Panel Discusses Rust Belt Economics
Former Detroit Mayor Dennis Archer expressed his conviction that Detroit can recover from its current economic slump during a discussion with political leaders at the Harvard Kennedy School last night.
Archer pointed out that Detroit was “turning around” during his time as mayor. and added that the city has the potential to change again for the better.
Archer and the other speakers on the panel discussed the economic climate of cities within the Rust Belt, the manufacturing area of the United States that is comprised of parts of the Northeastern, Mid-Atlantic, and Midwestern states.
The cities within this area once relied largely on businesses like the steel and coal industries that have declined in financial productivity in recent years, causing widespread joblessness, Archer said.
“We’re here today to discuss what in the world a reasonable response would be to that [problem],” said Edward Glaeser, director of the Taubman Center for State and Local Government and the moderator of the event.
Denise DiPasquale, the president of City Research—a research firm whose major focus is urban economics—offered Pittsburgh as an example of a Rust Belt city that has managed to recover from the decline in industry. However, DiPasquale cautioned that though economic growth is possible, Pittsburgh still faces huge fiscal problems and has been named a financially distressed city by the state of Pennsylvania.
Barry Bluestone, dean in the School of Public Policy and Urban Affairs at Northeastern University, blamed the decline of Detroit on the dominance of the automobile industry—which he said discouraged other industries from establishing themselves in the area—as well as on a lack of good leadership in the city with the exception of Archer.
Bluestone suggested that it was necessary to make “mayors the CEOs for economic development” in order to repair the economies of struggling cities.

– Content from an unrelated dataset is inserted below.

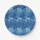 Paper plates in an Art Nouveau, Jacobean damask pattern of stylised, scrolled leaves and flowers, based on a vintage William Morris textile design, digitally enhanced and coloured in light sky blue on a deep cobalt blue background, accented with white flowers

“That means understanding the strengths and weaknesses of your own community; trying to figure out what the opportunities are, as well as the threats,” Bluestone said.
Allyson Baughman, a doctoral student in public policy at the University of Massachusetts, said that she saw the issues discussed by the panel as important because of their potential consequences on the national level.
“I think that what is happening in cities, if we don’t address it, is eventually going to leak into the suburbs,” Baughman said.